Your task: Leave out the pictures and retype exactly the lines from the one with "Zorba - Kit" through the end of the records.

────────

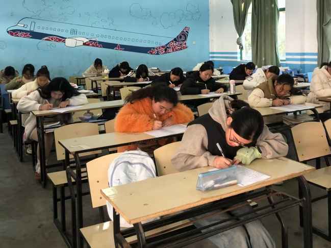活动现场氛围热烈而专注,同学们手持答题卷全神贯注投入作答。明亮的教室中,笔尖划过纸张的沙沙声此起彼伏,大家时而凝神思索梳理解题思路,时而细致核对题干细节,将专业知识灵活运用到趣味题目中,尽显青春学子的求知热情与严谨态度。
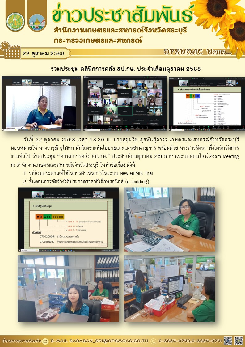 วันที่ 22 ตุลาคม 2568 เวลา 13.30 น. นายสุขุมวิท สุขพันธุ์ถาวร เกษตรและสหกรณ์จังหวัดสระบุรี มอบหมายให้ นางวารุณี จุโฬทก นักวิเคราะห์นโยบายและแผนชำนาญการ พร้อมด้วย นางสาวรัตนา พึ่งโตนักจัดการงานทั่วไป ร่วมประชุม “คลินิกการคลัง สป.กษ.” ประจำเดือนตุลาคม 2568 ผ่านระบบออนไลน์ Zoom Meeting
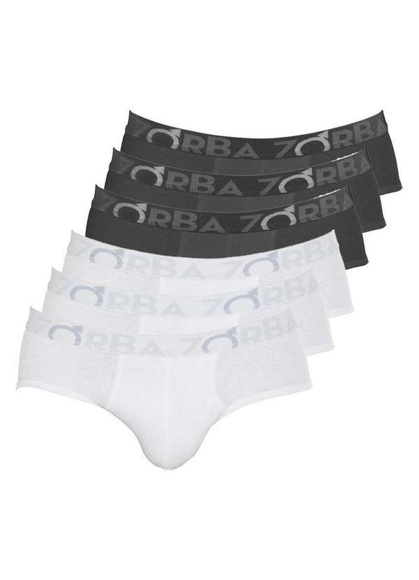 Zorba - Kit com 6 Cuecas Slip Zorba 643 Branco-Chumbo
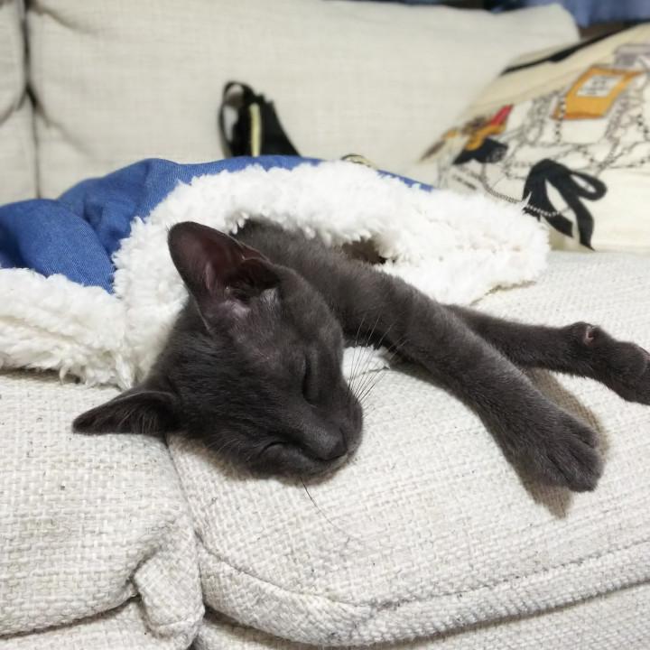ココで出会ったロシアンブルー風のグレーカラーのジル君♂とネコLIFEを楽しんでいます! 事務所と住居で常に一緒です。 R6年4月〜ミヌエットのプッチが仲間入りしました〜!
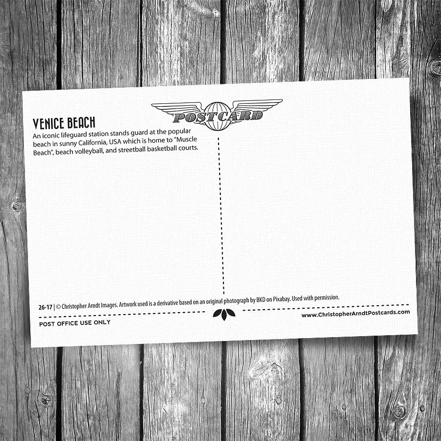 An iconic lifeguard station stands guard at the popular beach in sunny California, USA which is home to "Muscle Beach", beach volleyball, and streetball basketball courts.
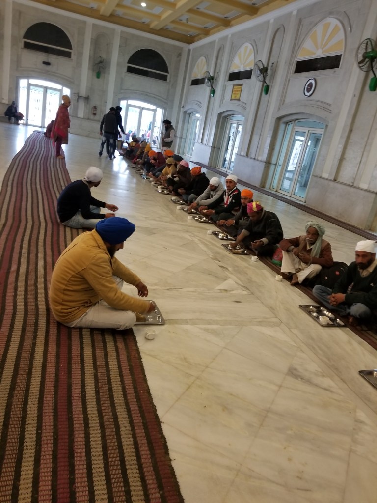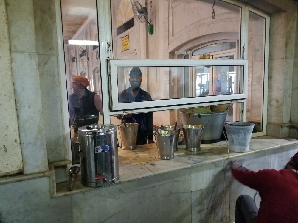 It was early so the massive dining room was nearly empty (at later sittings the room is full to the brim).  Two long dark rugs ran the length of the white marble room and about 30 people sat on the floor in a line, men and women, some with a Sikh turban, some with a bandanna, all barefoot with a clean empty metal tray.  A smiling man had a basket of cups, and 2 others with buckets of soup from the kitchen window โ€ฆagain an opportunity to help was given and the rest of our time spent at this section of the temple I had the special meaningful privilege of serving those who came for a meal. How grateful I am for that precious time and wish it could have been longer. I really, very much liked the smiling cup man…

────────

Exercise response:
 Zorba - Kit com 6 Cuecas Slip Zorba 643 Branco-Chumbo
ココで出会ったロシアンブルー風のグレーカラーのジル君♂とネコLIFEを楽しんでいます! 事務所と住居で常に一緒です。 R6年4月〜ミヌエットのプッチが仲間入りしました〜!
 An iconic lifeguard station stands guard at the popular beach in sunny California, USA which is home to "Muscle Beach", beach volleyball, and streetball basketball courts.
 It was early so the massive dining room was nearly empty (at later sittings the room is full to the brim).  Two long dark rugs ran the length of the white marble room and about 30 people sat on the floor in a line, men and women, some with a Sikh turban, some with a bandanna, all barefoot with a clean empty metal tray.  A smiling man had a basket of cups, and 2 others with buckets of soup from the kitchen window โ€ฆagain an opportunity to help was given and the rest of our time spent at this section of the temple I had the special meaningful privilege of serving those who came for a meal. How grateful I am for that precious time and wish it could have been longer. I really, very much liked the smiling cup man…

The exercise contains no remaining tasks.